All Scipp objects can be converted to strings:

[11]:
print(ds)
<scipp.Dataset>
Dimensions: Sizes[y:3, x:2, ]
Coordinates:
* x                         float64  [dimensionless]  (x)  [0, 1]
* y                         float64              [m]  (y [bin-edge])  [0, 1, 2, 3]
* y_label                   float64  [dimensionless]  (y)  [7, 8, 9]
Data:
  a                         float64             [Å]  (y, x)  [0.245379, 0.370169, ..., 0.236276, 0.128482]  [0.072203, 0.0665178, ..., 0.0748675, 0.0455633]
  b                         float64             [Å]  (y, x)  [0.245379, 0.370169, ..., 0.236276, 0.128482]  [0.072203, 0.0665178, ..., 0.0748675, 0.0455633]

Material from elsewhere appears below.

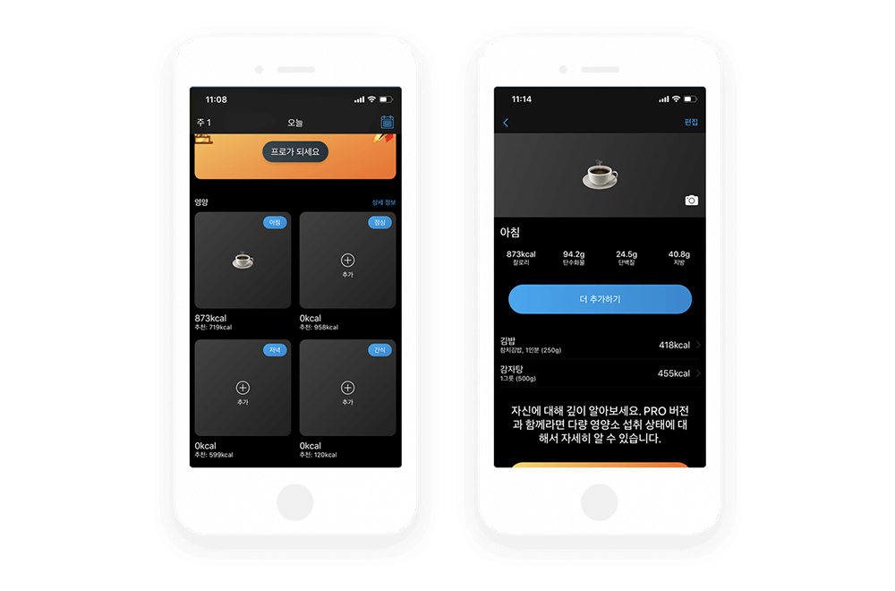 메인의 요약화면은 최초가입했을때 입력했던 현재 몸무게와 목표몸무게를 분석해서 하루동안의 총칼로리와 먹은 음식 칼로리의 정보를 보여줘요. 탄수화물, 단백질, 지방의 수치를 보여주기 때문에 식사관리를 하는 다이어터들에게 좋을거 같아요.

The format of variables can be controlled using f-strings or format. For example, the default format shows the first 2 and last 2 elements:

[12]:
var = sc.linspace('x', 0.0, 1.0, 11, unit='m')
f'{var}'
[12]:
'<scipp.Variable> (x: 11)    float64              [m]  [0, 0.1, ..., 0.9, 1]'

Use < to show the first 4 elements:

[13]:
f'{var:<}'
[13]:
'<scipp.Variable> (x: 11)    float64              [m]  [0, 0.1, 0.2, 0.3, ...]'

Use #n to show n elements instead of 4:

[14]:
f'{var:#5}'
[14]:
'<scipp.Variable> (x: 11)    float64              [m]  [0, 0.1, ..., 0.8, 0.9, 1]'

Configure how elements are formatted. Note the double colon! The options after the first colon control how the variable itself is formatted. Options after the second are forwarded to the elements and can be anything that the element type (in this case float) supports.

[15]:
f'{var::.1e}'
[15]:
'<scipp.Variable> (x: 11)    float64              [m]  [0.0e+00, 1.0e-01, ..., 9.0e-01, 1.0e+00]'

Or combine all of the above:

[16]:
f'{var:<#5:.1e}'
[16]:
'<scipp.Variable> (x: 11)    float64              [m]  [0.0e+00, 1.0e-01, 2.0e-01, 3.0e-01, 4.0e-01, ...]'

In addition, Variables have a compact string format:

[17]:
var = sc.scalar(1.2345, variance=0.01, unit='kg')
f'{var:c}'
[17]:
'1.23(10) kg'

Note that this is primarily intended for scalar variables and may produce hard to read outputs otherwise.

Format string syntax#

The full syntax of format specifiers is:

format_spec ::= [scipp_spec] [":" nested_spec]
nested_spec ::= .*
scipp_spec  ::= [selection]["#" length][type]
selection   ::= "^" | "<" | ">"
length      ::= digit+
type        ::= "c"

``selection`` controls how the array is sliced:

selection

Meaning

^

Use elements from the beginning and end as if by var[:length//2], ..., var[-length//2:].

<

Use elements from the beginning as if by var[:length], ....

>

Use elements from the end as if by ..., var[-length].

None

Same as ^

``length`` controls how many elements are shown. It defaults to 4.

``type`` selects between different formatters:

type

Meaning

c

Compact formatter. Does not support other options like selection or nested_spec.

None

Default formatter which shows the variable with all metadata and data as determined by the other options.

``nested_spec`` is used to format the array elements. It can be anything that the dtype’s formatter supports. Note that it always requires an additional colon to separate it from the scipp_spec. See in particular the standard library specification.